Cooperation with US industry partner
An international patent application was filed for the new method and it was published in the renowned journal "Scripta Materialia". This immediately triggered lively interest from electron microscope manufacturers. Subsequently, AIT entered into a strategic cooperation with the company Gatan from California (USA) to further develop and market the method. Gatan is a leading company in electron microscopy and part of the AMETEK Group, which is almost twice as large as Austria's largest company, OMV, in terms of market capitalisation of almost 32 billion dollars. Initial joint work confirmed the potential of the new method, so much so that a joint poster has already been shown at the Microscopy&Microanalysis 2021 conference. "On Gatan side we are very excited to work together and we are looking forward to establish an expanded collaboration programme. Partnership with the AIT team is our ultimate privilege and an opportunity to support front line research," says Oleg Lourie, Director of Product Management/SEM at Gatan.

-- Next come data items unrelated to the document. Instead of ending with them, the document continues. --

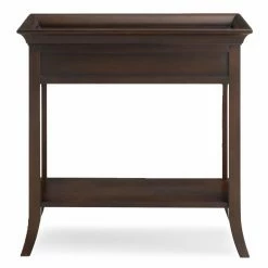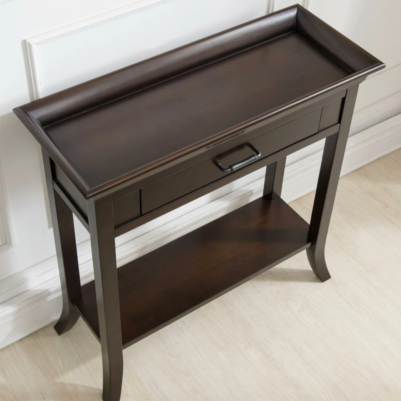 From a hallway to a foyer, the Leick Home Tray Edge Hall Stand and its compact footprint makes the most of your space. Its flared tray edges pair with the splayed saber legs to create a stylish silhouette, while the chocolate cherry finish graces the solid hardwood and birch veneers. The drawer, handy for everyday essentials, features an antiqued bronze pull and solid wood drawer box. A lower shelf is sized just right for a favorite home accent or two.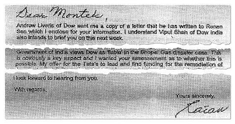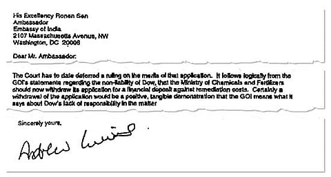 It's now clear why Dow is not keen to get entangled in the Bhopal tragedy case. On November 8, 2006, Liveris shot off a letter to Ronen Sen saying "it was a pleasure to see you again at the US-India CEO Forum in New York on 25 October. I especially appreciated your support in discussing resolution of the Bhopal legacy issue as a tangible, deliverable outcome for the CEO Forum." The letter added that since the Indian government representatives admitted at the meeting that "Dow is not responsible for Bhopal and will not be pursued by the GoI, it will be important to follow through to ensure that concrete, sustained actions are taken that are consistent with these statements".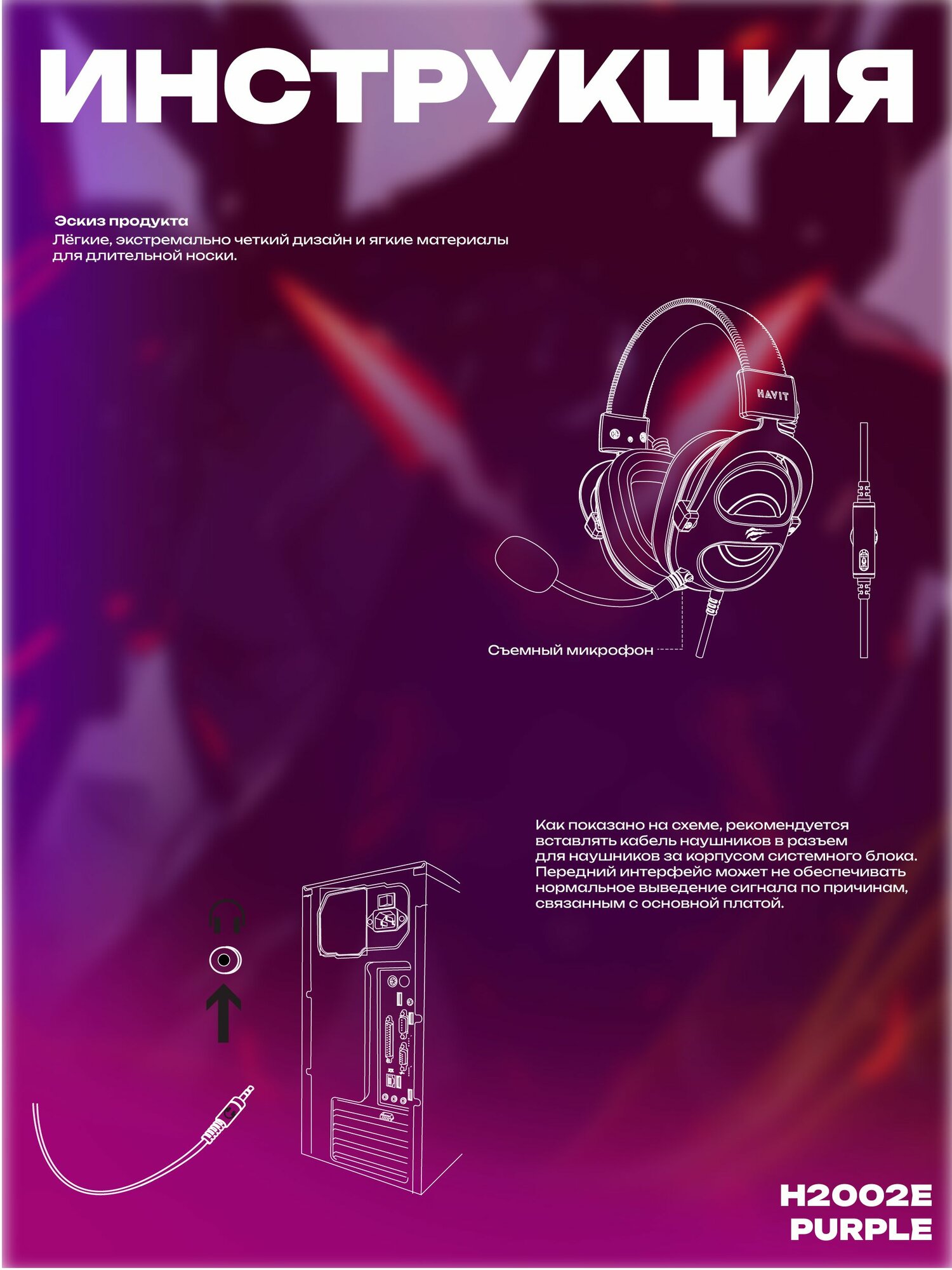 Купить Наушники игровые проводные. Геймерская Гарнитура с микрофоном для ПК, компьютера, ноутбука Havit H2002E белый/фиолетовый 3.5 jack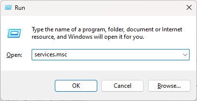 2. Type services.msc in the dialog box and press Enter.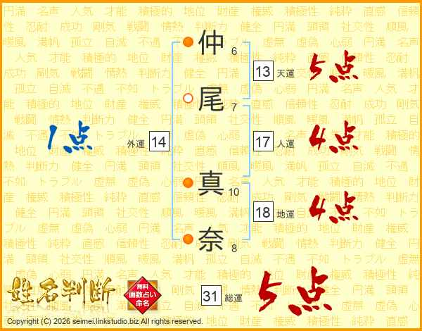 仲(6画)尾(7画) 真(10画)奈(8画)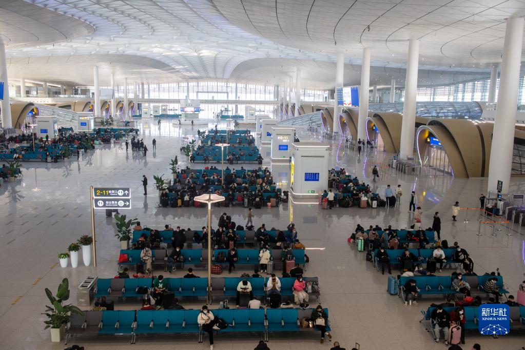 1月6日,旅客在杭州西站候車(chē)大廳內候車(chē)。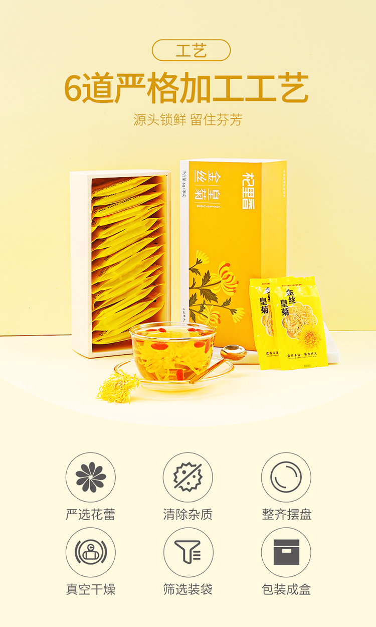 【冬季滋补】杞里香金丝皇菊6g黄山贡菊胎菊黄菊茶叶搭金银花大菊花*2盒

Valuable information for research & development at AIT
At the LKR, the new method for detecting lithium provides valuable services in the further development of high-performance materials such as magnesium-aluminium-lithium alloys, which are interesting for many applications in the mobility sector. The new measurement method is also very important for the work in AIT's Battery Lab, where lithium-ion batteries are optimised and solid-state batteries of the future are developed. "This new method helps us a lot in realising fundamental innovations for the next generation of sustainable transport technologies," explains Christian Chimani, Head of the AIT Center for Low-Emission Transport and Managing Director of the LKR.